Modeling Document Networks With Tree-Averaged Copula Regularization
Yuan He,Cheng Wang,Changjun Jiang
DOI: https://doi.org/10.1145/3018661.3018666
2017-01-01
Abstract:Document network is a kind of intriguing dataset which provides both topical (texts) and topological (links) information. Most previous work assumes that documents closely linked with each other share common topics. However, the associations among documents are usually complex, which are not limited to the homophily (i.e., tendency to link to similar others). Actually, the heterophily (i.e., tendency to link to different others) is another pervasive phenomenon in social networks. In this paper, we introduce, a new tool, called copula, to separately model the documents and links, so that different copula functions can be applied to capture different correlation patterns. In statistics, a copula is a powerful framework for explicitly modeling the dependence of random variables by separating the marginals and their correlations. Though widely used in Economics, copulas have not been paid enough attention to by researchers in machine learning field.

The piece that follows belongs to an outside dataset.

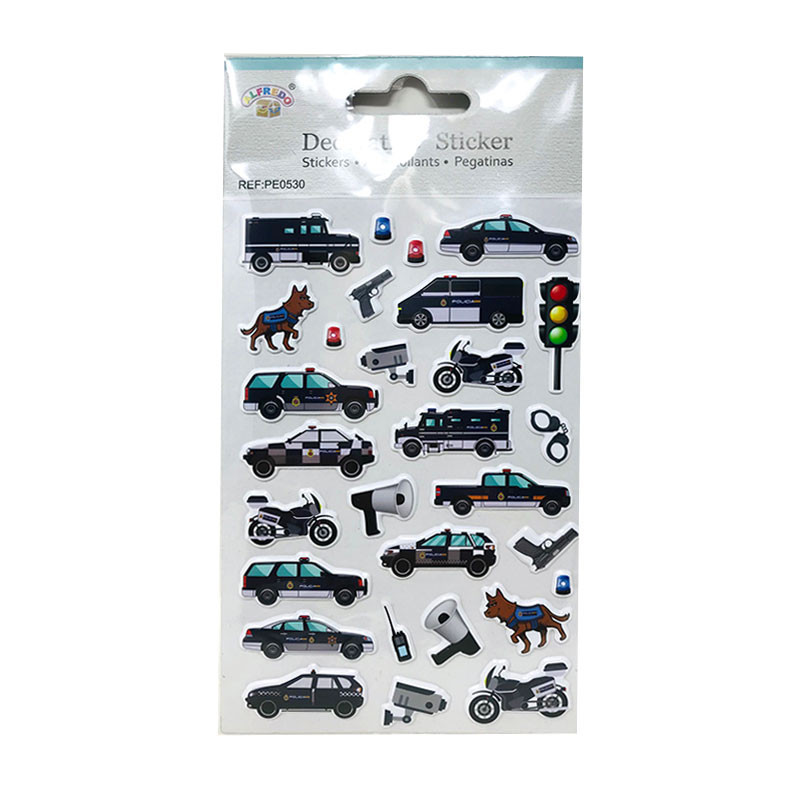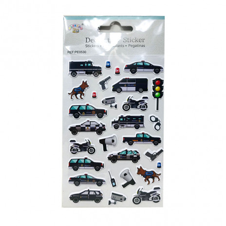 Conjunto de autocolantes com relevo de polícias para decorares os teus aparelhos eletrónicos, como o pc, o telemóvel, etc, presentes e albuns de fotos. Um brinde ideal para ofereceres aos convidados do teu aniversário.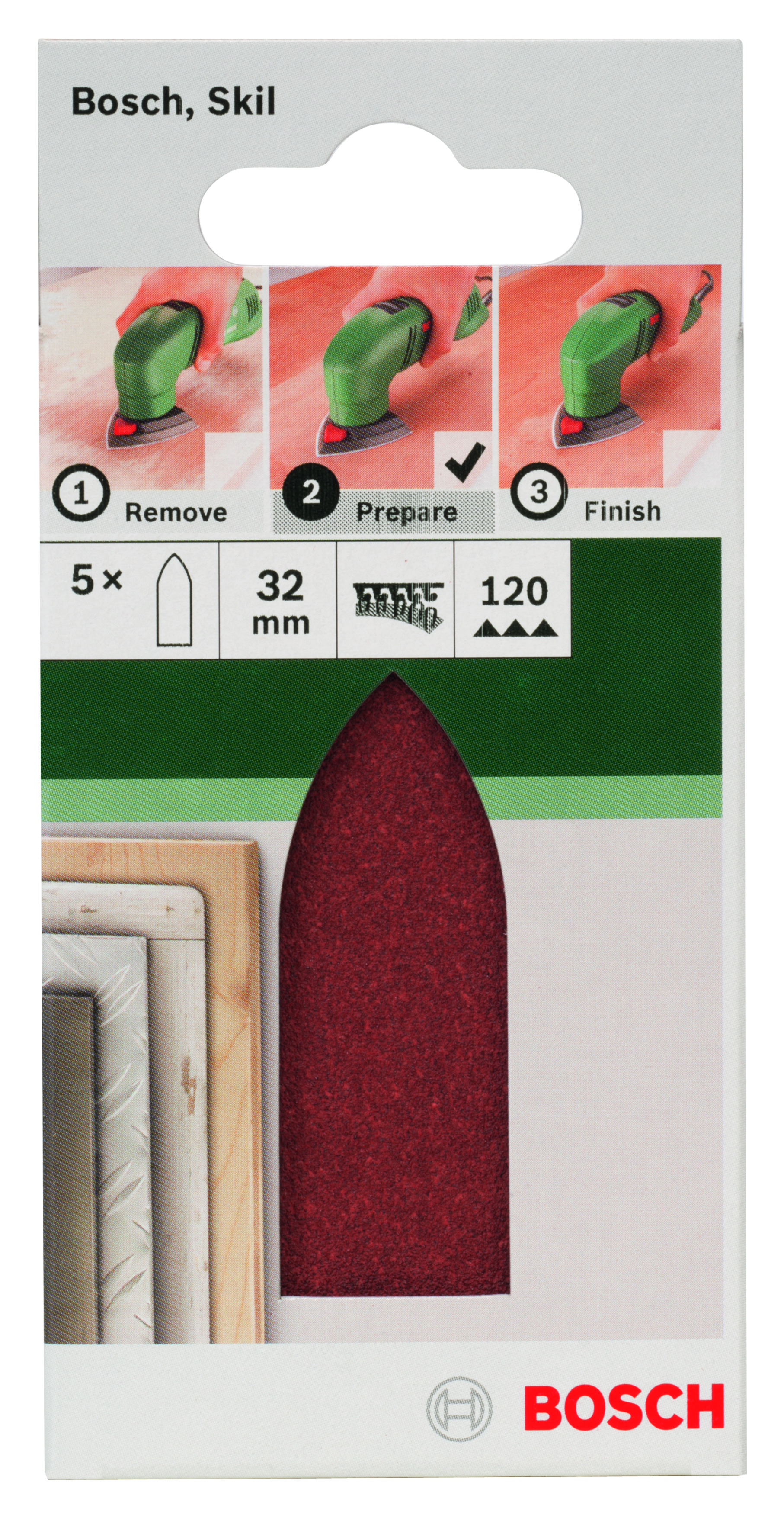 Emballage: 5Marque: BoschRéférence: 2609256A39EAN: 3165140614559Description: PONÇAGE MP (LANGUETTE DE PONCAGE 32 MM, G120, RW, NON PERF., VELCRO (5))

Besides, to further capture the potential associations amoug the unconnected documents, we apply the tree-averaged copula instead of a single copula function. This improvement makes our model achieve better expressive power, and also more elegant in algebra. We derive efficient EM algorithms to estimate the model parameters, and evaluate the performance of our model on three different datasets. Experimental results show that our approach achieves significant improvements on both topic and link modeling compared with the current state of the art.